For my beloved Brother who introduced me to the art of cooking, who taught me how to taste and truly love food. Without him I'd never be able to be where I am today.

September 8, 2014


Smultronställe
(Swedish, lit. "place of wild strawberries")

Mr. Antoni, local butcher, in his seventies.

Merely being present in such a place elicits a feeling – happiness, excitement, peace, tranquillity; something you value. The feeling ought to be strong, enduring, and persistent at every visit. This feeling should knock you off your feet, it’s unmistakable. That is a smultronställe.

Preparing natural casing for sausages.

Swołowo, a picturesque village, home of 242 inhabitants, is a juicy appetizer for ethnographers but also gourmands. Located in Pomerenia, Northern Poland, Swołowo is both physically and mentally far from big city life, starred restaurants and other contemporary frenzy.

Very strong home distillate.

The village is something like a well-preserved jar of fermented delights: Time has stopped yet it’s a cradle for modern gastronomy and a source of inspiration for upcoming chefs and food enthusiast. Swołowo’s inhabitants have remained in a time and place, which most people desperately seek to return to, a time where countryside homes had smokeries in the attic, distilleries in shabby eccentric garden huts; a time where cows, sheep and other living creatures roamed around freely before ending up under the butchers’ knives and later in the housewives' steaming pots.

 Polish lamb sausage going to the smoke room.

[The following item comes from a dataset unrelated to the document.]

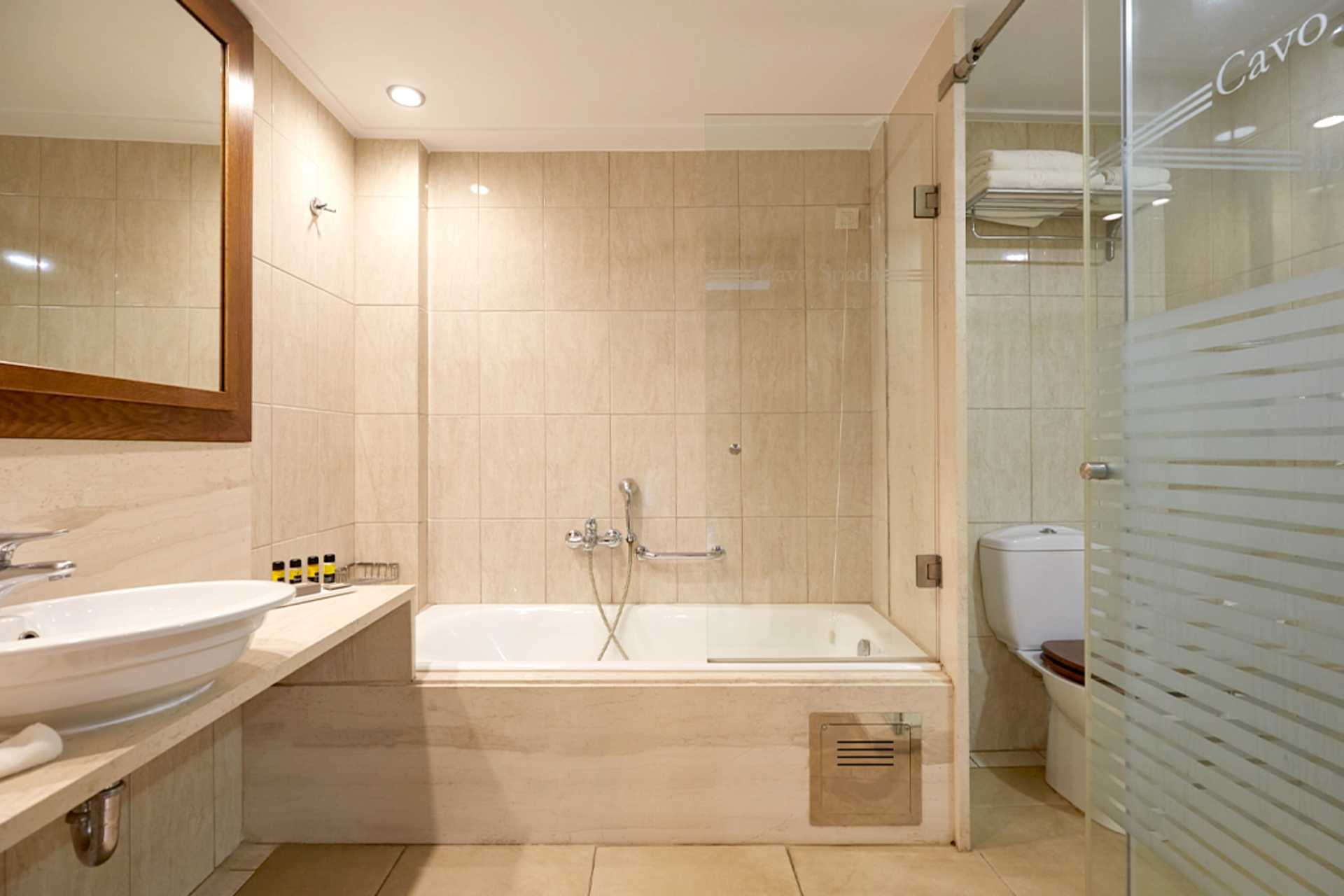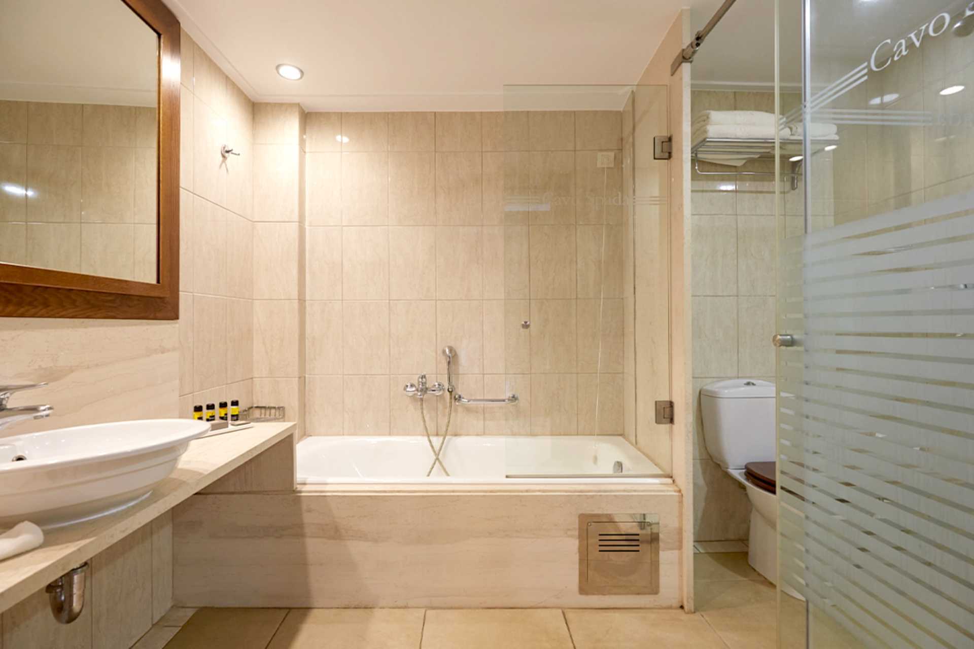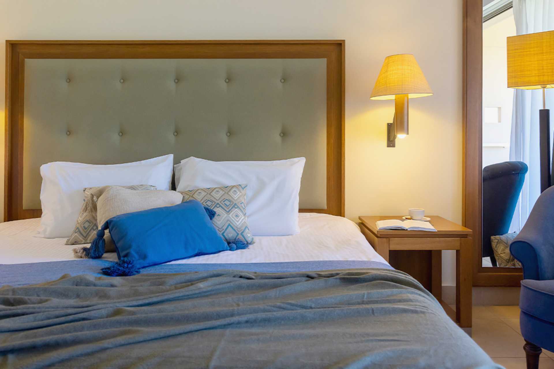 Kahden hengen huone parvekkeella tai terassilla, joissakin huoneissa on rajoitettu merinäköala ja osasta parvekkeista on näkymä uima-altaalle. Eri kokoisia huoneita. Kaksi yhden hengen sänkyä. Lisävuodemahdollisuus vuodesohvasta. Maksuton wifi, ilmastointi ja tallelokero. Vedenkeitin, kahvia ja teetä. Espressokeitin, kapselit lisämaksusta. Minibaari lisämaksulla. Tv kansainvälisillä kanavilla. Kylpytakit ja tossut Hiustenkuivain. Kylpyhuone, jossa kylpyamme, suihku ja wc. Siivous 7 krt/viikko.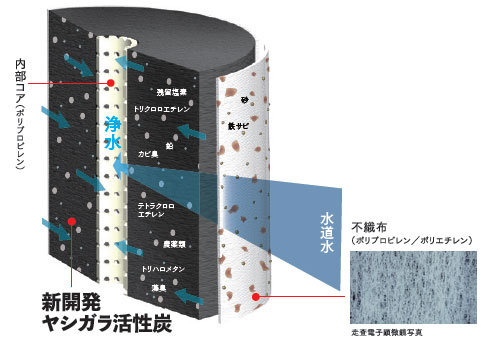 独自技術で開発・配合した活性炭で様々な微粒子の吸着性能を実現。 毎分20リットルの通水性能を継続的に発揮。 |

Nevertheless, Polish food culture seems to be stuck somewhere between tradition and modernity – a reoccurring state of affairs in many other countries alike. The two opposite poles, the authentic villages that serve as banks of traditional food culture and the dynamic big cities fuelled by new blood and novel endeavours, seem to create schism in the foodscape of the country. Seeking a gastronomical identity recognised both home and abroad is a sore battle. How to respect the old and learn from it, but at the same token give up redundant good-olds to make space for fresh and delicious new ideas? The journey towards an established connection between who we are and what we eat is often a schizophrenic combat where utter failure and exquisite invention flirt relentlessly with one another.


On the other hand, it's not like grounded food culture nations such as France and Italy have it all figured out either. In fact, the fear of loosing the precious heritage upon which the Frenchies and Italianos built their acquired taste is as tough a crisis as creating such a foundation to begin with. Having said that, when everything is possible in theory, the overflow of ideas easily leads to total blockage of mind and lack of focus. The good folks of Swołowo were spot on in their traditional techniques, but one may wonder if they recognize it themselves. Or does it even matter? Naming and defining for the sake of a purpose is equally dangerous as necessary.

A home smokers in the attic. 

There’s a magical feel to a place like this village on the northern coast of Poland. It’s almost too good to be true in a Big Fish "Town of Spectre" kind of way. I wonder, was the smell of smoke stronger, the distillates purer and the lamb juicier really, or was it just the antidote to the surroundings of an urban dweller that made the impact so potent? Whatever it was the impact definitely prevails. To stay in Swołowo however, regadless of its authenticity, could be too much.